HIT-6 related variables, sex, age, and migraine type were pre-defined as having to be part of the model. Given that mapping algorithms are intended to be used by other researchers, we only considered age and sexFootnote 1 as possible socio-demographic explanatory variables, since they are almost always collected in studies. Studies have shown that age has an impact on the symptoms of people with migraine, e.g. decrease in frequency of photophobia and phonophobia [29]. Migraine also affects three times more women than men, and it is known that fluctuations in female hormones play an important role in this relationship [30, 31]. Since especially in women, the impact of migraines varies with age, we tested whether there is an interaction between age and sex [29]. We also included the information whether patients suffered from episodic or chronic migraines and its interaction with age. Migraine characteristics evolve across time (e.g. the conversion of episodic to chronic migraine), thus the importance of testing the inclusion of an interaction term between migraine type and age [32].

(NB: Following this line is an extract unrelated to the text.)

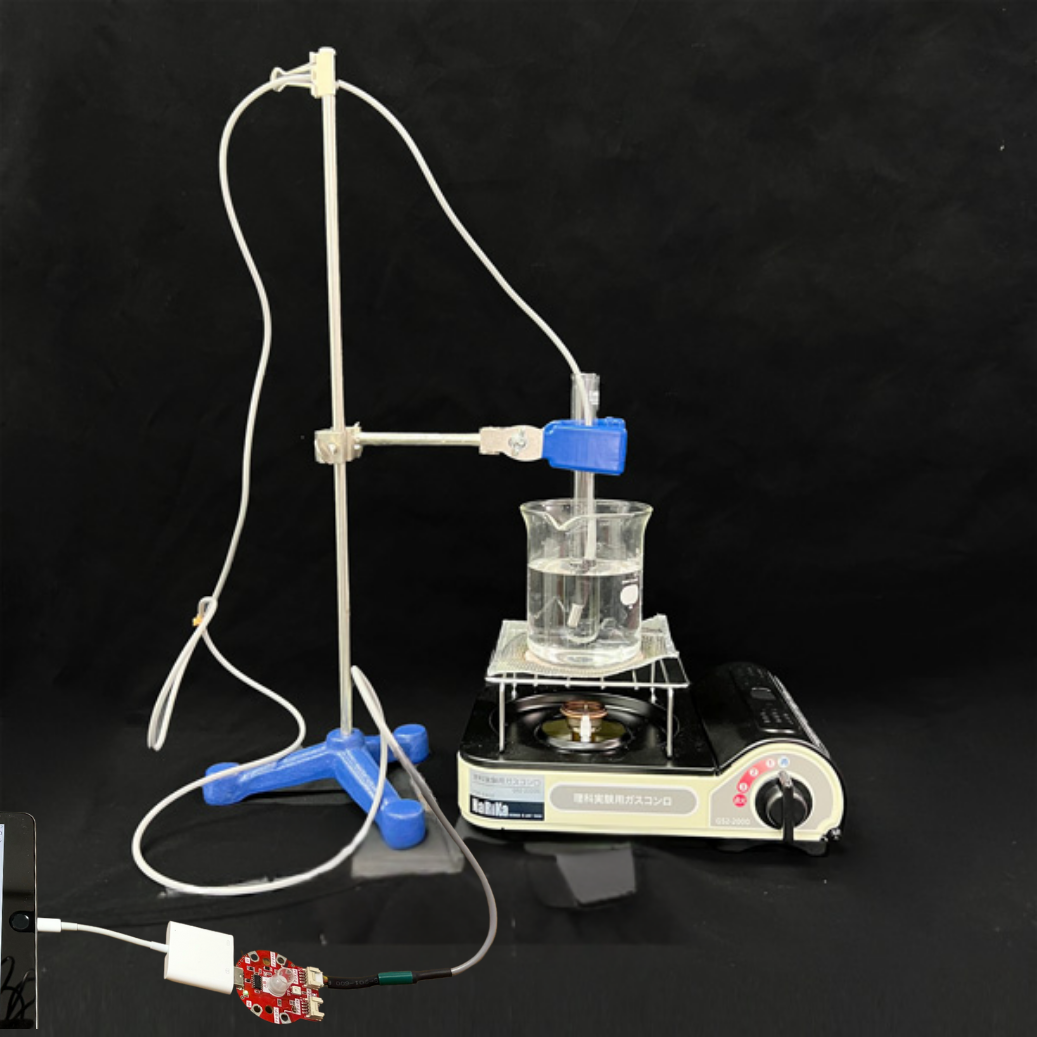 - 一般的には、棒温度計の温度を目視し記録してグラフを描きますが、AkaDako探究ツールなら、温度のグラフをリアルタイムで確認することができます。
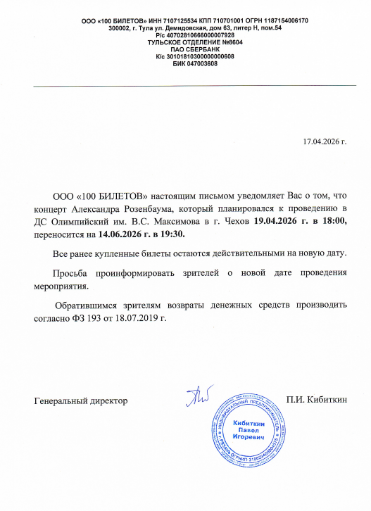 Уважаемый клиент! Спешим сообщить, что по информации, полученной от организатора, концерт Александра Розенбаума, запланированный на 19 апреля 2026 года в 18:00 в ДС «Олимпийский», перенесён на 14 июня 2026 года, начало в 19:30. Ранее приобретенные билеты действительны на новую дату, обменивать их не нужно. Если вам неудобно посетить концерт в новую дату, вы можете вернуть билет по кнопке в личном кабинете во вкладке «Заказы». Деньги за электронные билеты вернутся автоматически в полном объёме на карту, с которой была произведена оплата. Если вы купили билет в кассе Ticketland.ru за наличный расчет, то обратитесь, пожалуйста, на почту: vozvrat@ticketland.ru. С уважением, команда поддержки Ticketland.

We conducted complete-case analysis based on the following variables: EQ-5D domains, HIT-6 domains, migraine type, age, and sex.

Validation

We plotted the observed and predicted EQ-5D values to visualise the models’ performance. Given the lack of external data to conduct external validation, a tenfold cross-validation was carried out to compare the predictions of each model with the actual EQ-5D scores. This method is recommended for small samples [20]. Models’ predictive performance was assessed with root mean squared error (RMSE), mean absolute error (MAE), and R2, reporting the mean of all 10 cycles.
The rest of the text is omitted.